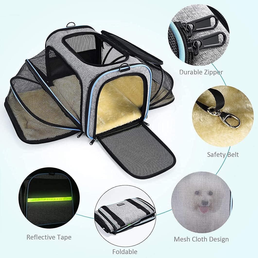 - AIRPLANE APPROVED: Dog travel carrier compliance with airline standard size, fit under the front cabin seat of most airline carriers. Mesh cloth increase ventilation and decrease anxiety for traveling. Carry the expandable carrier on airplane, car, by hand or shoulder.
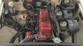 Silver-painted 14” wire wheels are secured with two-eared knockoffs and mounted with Michelin XZX tires. Stopping power is provided by discs up front and drums in the rear.
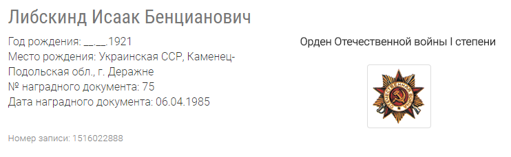 Лейтенант ЛИБСКИНД ИСААК БЕССОНОВИЧ (Бенцианович), 1921 года рождения, место рождения - Украинская ССР, Каменец-Подольская область, г. Деражне, еврей. В РККА призван Сызранским ГВК, Куйбышевской области, 09.1940 года. В Великой Отечественной войне с 06.1941 года( на Юго-Западном, Белорусском и 1 Украинском фронтах) - Командир 5 стрелковой роты, 2 стрелкового батальона, 667 стрелкового полка, 218 стрелковой Ромодано-Киевской ордена Ленина Краснознаменной ордена Суворова 2 степени дивизии, 22 стрелкового корпуса, 3 гвардейской Армии, 1 Украинского фронта. Ранения: 1. 8.05.1944 года. Боевые награды: 1. Орден "АЛЕКСАНДРА НЕВСКОГО"( Из НАГРАДНОГО ЛИСТА на звание "ГЕРОЙ СОВЕТСКОГО СОЮЗА": "Выполняя Приказ командования, 30.07.1944 года, тов. ЛИБСКИНД, во главе своей роты, переправился, на первой лодке, и сходу вступил, с численно превосходящим противником, в бой. Немцы, не выдержав натиска отважных, в панике, отступили назад. Находясь, в боевых порядках подразделения, тов. ЛИБСКИНД был примером для бойцов. Видя, в своих рядах, любимого командира бойцы, с ожесточением, отражали одну за другой, атаки численно превосходящего противника. Не жалея жизни, тов. ЛИБСКИНД, по градом пуль и снарядов противника, поднял, в контраатаку, бойцов, на противника, смял его основную оборону и прочно закрепился до подхода основных сил наступающих. За личную храбрость и самоотверженность достоин присвоения звания "ГЕРОЙ СОВЕТСКОГО СОЮЗА". Командир 667 стрелкового полка Подполковник ЩИГОЛЕВ. 2.08.1944 г."; ЗАКЛЮЧЕНИЕ ВЫШЕСТОЯЩИХ НАЧАЛЬНИКОВ: Достоин награждения орденом "КРАСНОЕ ЗНАМЯ". Командир 218 стрелковой Ромодано-Киевской ордена Ленина Краснознаменной ордена Суворова 2 степени дивизии Гвардии полковник БАКЛАКОВ. 10 августа 1944 года.";№ записи 31184349); 2. Орден "ОТЕЧЕСТВЕННАЯ ВОЙНА" 1 СТЕПЕНИ(№ наградного документа: 75 ;Дата наградного документа: 06.04.1985; Номер записи: 1516022888) с портала ЭЛЕКТРОННЫЙ БАНК ДОКУМЕНТОВ «ПОДВИГ НАРОДА В ВЕЛИКОЙ ОТЕЧЕСТВЕННОЙ ВОЙНЕ 1941-1945 ГГ.» http://podvignaroda.ru/?#tab=navHome ). Вернулся с Великой Отечественной войны, со смертельной должности - Командира стрелковой роты! Послевоенная судьба неизвестна. Вечная Слава и Память, настоящему, Герою Великой Отечествененой войны, лейтенанту ЛИБСКИНДУ ИСААКУ БЕССОНОВИЧУ!
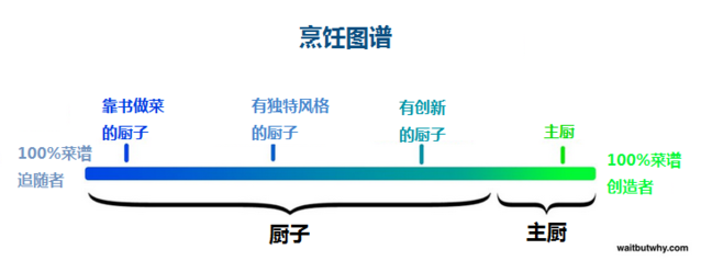 影響上的不同更為顯著。就廚子而言,即使更具創(chuàng)造力的廚子,對世界的影響也是有限的,除非非常走運。大廚并不保證都是做好事,但是,只要有點天賦并持之以恒,他們幾乎肯定會做出轟動世界的事情。有時,大廚就是一個敢于追求偉大目標(biāo)的人——但是,其他時候,大廚并不想造成轟動,他擁有強盛個性,敢于走出游戲。成為大廚,并不是說要變得像馬斯克一樣,而是說,成為你自己。 沒人討論過「推理工業(yè)(reasoning industry)」,但是,我們都涉足了這個工業(yè)。大廚和廚子題目,和其他工業(yè)沒什么兩樣。每個人做決議計劃的時候,也是在從事推理工業(yè)。 你當(dāng)下的糊口,有著方方面面還很復(fù)雜,就像一張推理工業(yè)專輯。題目在于,專輯收錄的歌曲從何而來?如何作曲?誰做的曲?創(chuàng)作一首新歌的樞紐時刻,你是如何創(chuàng)作的?你深入自己內(nèi)心了嗎?是否將現(xiàn)有歌曲的鼓點和和弦作為開始,并在前面加上自己創(chuàng)作的旋律? 我知道你想要的謎底是什么。很直接——最好是個大廚。但是,這與糊口中其他需要分辨的情況——好比勤奮工作vs.懶惰、道德vs.不老實、考慮殷勤vs.自私——不同,當(dāng)需要分辨廚子/大廚時,我們甚至都沒留意到這一需要。 恍惚界限在餐飲業(yè),廚子到大廚的過程并不是突變的,而是一個譜系上的連續(xù)變化。真實世界的廚子到大廚過程也同樣如斯:
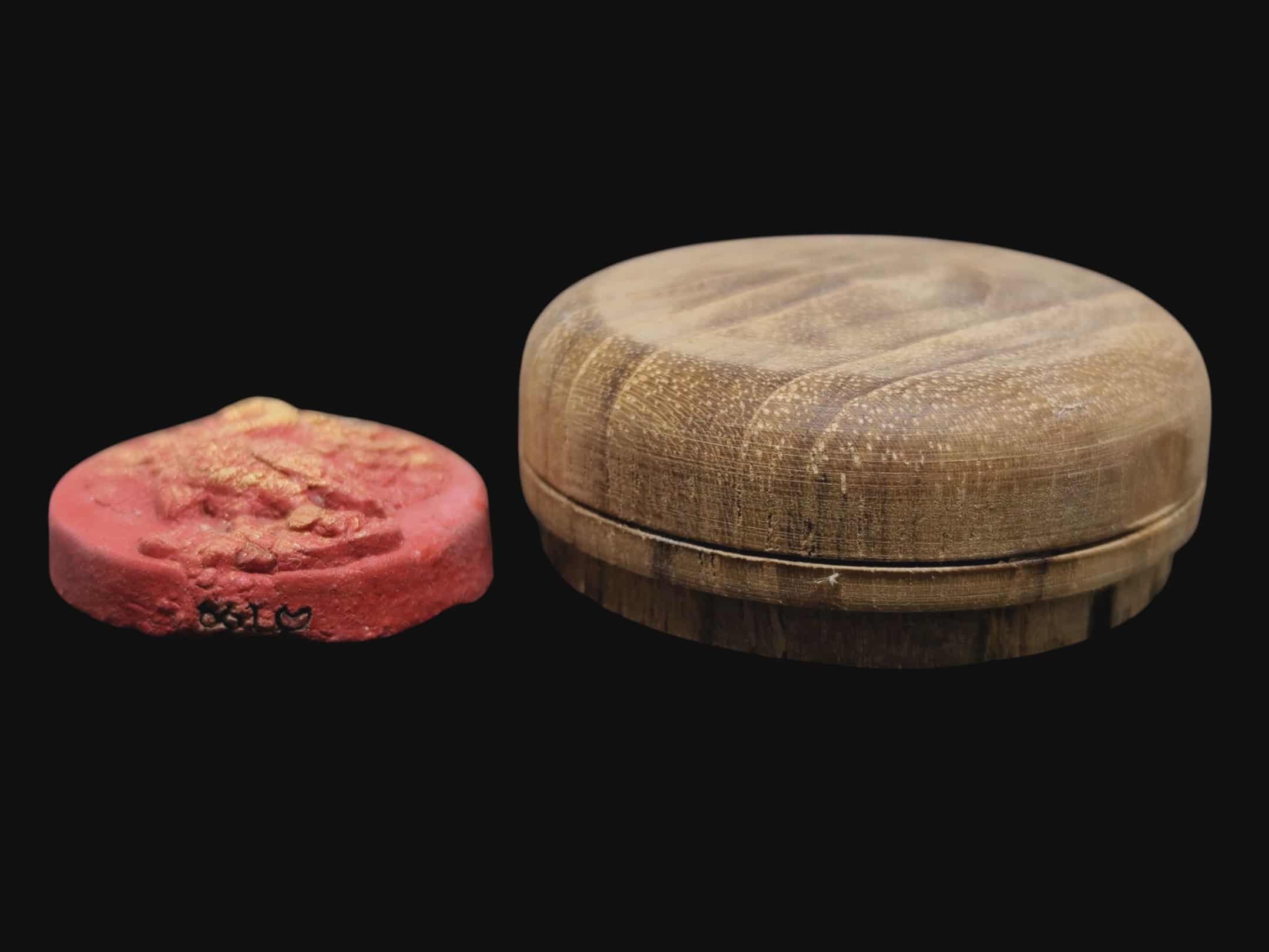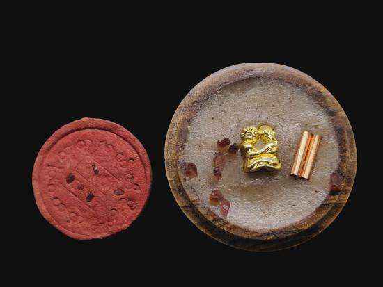 เคาะเดียวแดง พญายูงคำ รุ่นแรก เนื้อแดงปัดทอง และ ตลับไม้สีผึ้งเนื้อหอม รังผึ้งร้าง ขวางเดือนขวางตะวัน รุ่นแรก ฝังอิ่น ตะกรุด ในเมตตาบารมี เจ้าปู่จั่นต่า กาวิสาละ ครูบากฤษดา เมตตาเษก |
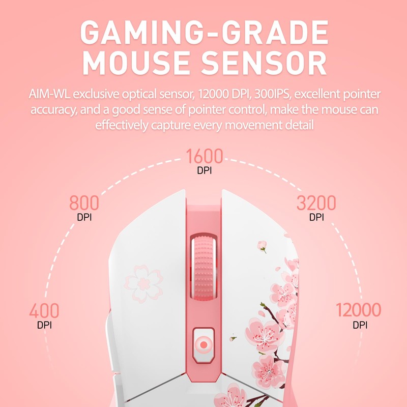 DAREU EM901X Wireless Gaming Mouse, Cherry Blossom/Pink, Wireless, 0.08 oz (2.4 g) / Wired USB Connection, Lightweight 3.0 oz (85 g), Ergonomic, Cute Cherry Blossom, 12,000 DPI with Charging Dock
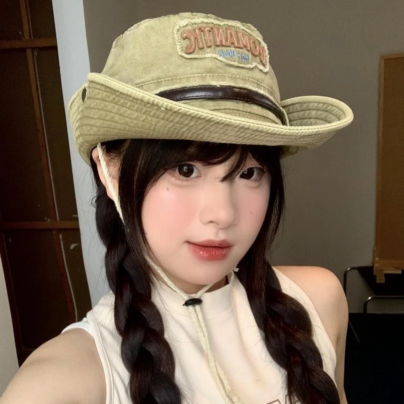 登山帽の女性屋外日よけ日焼け止め漁師帽の大きなつばの帽子2025の新型の顔の小さい西部のカウボーイの帽子
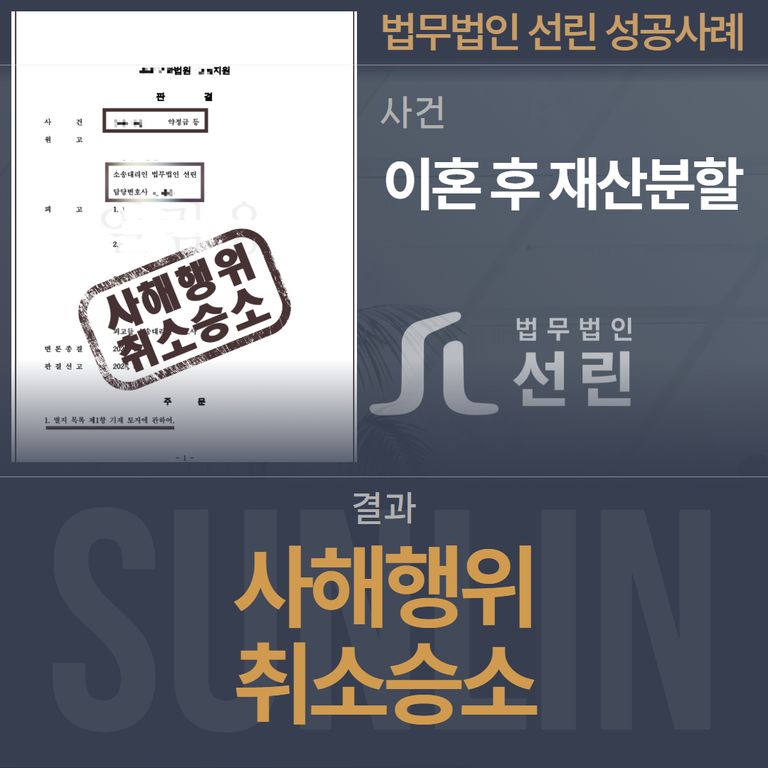 이에 A 씨는 자신의 권리를 침해당했다며 법무법인 선린을 통해 사해행위취소소송을 제기했습니다.
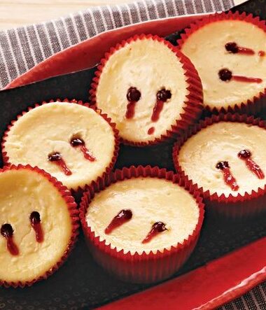 Vampire Bite Cheesecake Bites with Raspberry Sauce
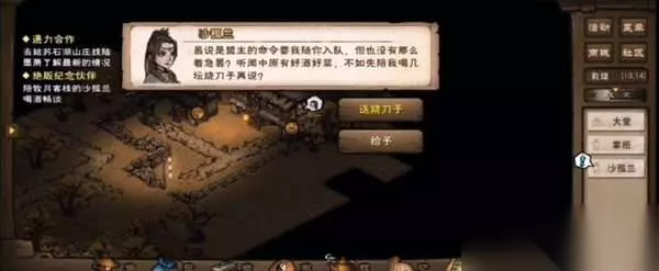 3、和沙孤兰对话,给她送烧刀子。
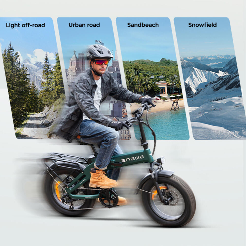 The all-terrain wide tires offer excellent grip and shock absorption – from city streets to sandy beaches and snowy paths.
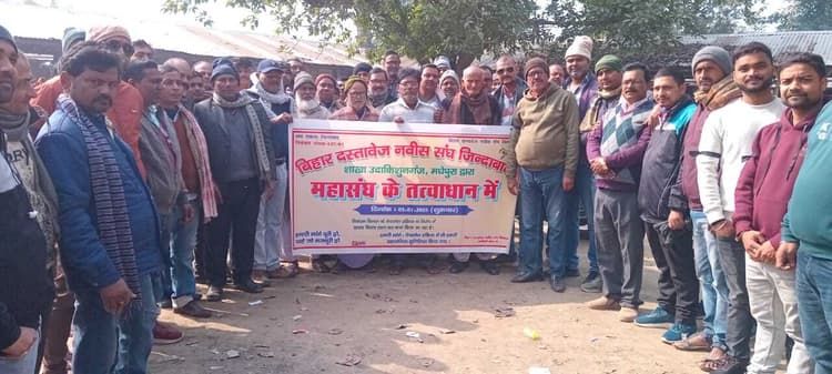प्रतिनिधि, उदाकिशुनगंज उदाकिशुनगंज अनुमंडल मुख्यालय स्थित अवर निबंधक के सभी दस्तावेज नवीस संघ ने शुक्रवार को पेपर लेस जमीन के दस्तावेजों के निबंधन के खिलाफ कालीपट्टी लगाकर सरकार की पेपर लेस प्रणाली का विरोध किया गया. वही बैठक आयोजित कर प्रस्तावित पेपर लेस निबंधन प्रणाली को लेकर सरकार के खिलाफ नाराजगी जाहिर करते हुए प्रदर्शन किया. ज्ञात हो कि बिहार दस्तावेज नवीस संघ के आह्वान पर काला बिल्ला लगाकर निबंधन का काम करने का निर्णय लिया गया. दस्तावेज नवीस संघ के अध्यक्ष सुभाष मिश्र के नेतृत्व में अस्तित्व बचाने के लिए सभी कातिबों को मजबूती के साथ एकजुट होकर संघर्ष करने का निर्णय लिया गया. इस दौरान दस्तावेज नवीस संघ के अध्यक्ष सुभाष मिश्र ने कहा बिहार सरकार के विरुद्ध में दस्तावेज नवीस संघ ने निर्णय लिया है कि नवीस संघ जबतक सरकार पेपरलेस रजिस्ट्री करने में दस्तावेज नवीस संघ के काम के बारे में सार्वजनिक नहीं करेंगे. तब तक हमलोग निबंधन का काम करने के दौरान काला बिल्ला लगा कर करेंगे. उन्होंने कहा कि बेरोजगार करने की साजिश को सफल नहीं होंगे देंगे. सरकार से किसी भी प्रणाली में दस्तावेज लेखकों की भूमिका को स्पष्ट करने की मांग की. अनुमंडल दस्तावेज नवीस संघ के सचिव संजय कुमार गुप्ता ने कहा कि किसी भी हालत में कातिबों को बेरोजगार करने की सरकार की मंशा को सफल नहीं होने देंगे. इसके लिए चट्टानी एकता का प्रदर्शन करना होगा. उन्होंने कहा कि सरकार के किसी भी विरोधी नीति का एकजुट होकर जवाब देंगे. मौके पर दिनेशचंद सिंह, देवेंद्र मिश्रा, मो. कलीम उद्दीन, श्याम सुंदर मेहता, विनोद मिश्रा, सुदर्शन आचार्य नरेश मंडल शालिग्राम शर्मा, जितेंद्र मिश्र, शंकर गुप्ता, सुशील कुमार सुमन, चक्रधर मंडल, अमोद सिंह, परमानंद सिंह, पंकज मिश्रा, डब्लू वर्मा, शत्रुघ्न मिश्रा, बैजनाथ पाठक, निरंजन मिश्रा, दिलीप मेहता, सुनील गुप्ता, रंजीत कुमार राणा, नरेश यादव, कौशल किशोर यादव, प्रमोद चौधरी, अनंत शाह आदि मौजूद थे.

TASK BRIEF:
Within the listing above, write out the stretch from the line with "DAREU EM901X Wireless" through the line with "The all-terrain wide" exactly. Any pictures are to be left out.

OUTPUT OF THE TASK:
 DAREU EM901X Wireless Gaming Mouse, Cherry Blossom/Pink, Wireless, 0.08 oz (2.4 g) / Wired USB Connection, Lightweight 3.0 oz (85 g), Ergonomic, Cute Cherry Blossom, 12,000 DPI with Charging Dock
 登山帽の女性屋外日よけ日焼け止め漁師帽の大きなつばの帽子2025の新型の顔の小さい西部のカウボーイの帽子
 이에 A 씨는 자신의 권리를 침해당했다며 법무법인 선린을 통해 사해행위취소소송을 제기했습니다.
 Vampire Bite Cheesecake Bites with Raspberry Sauce
 3、和沙孤兰对话,给她送烧刀子。
 The all-terrain wide tires offer excellent grip and shock absorption – from city streets to sandy beaches and snowy paths.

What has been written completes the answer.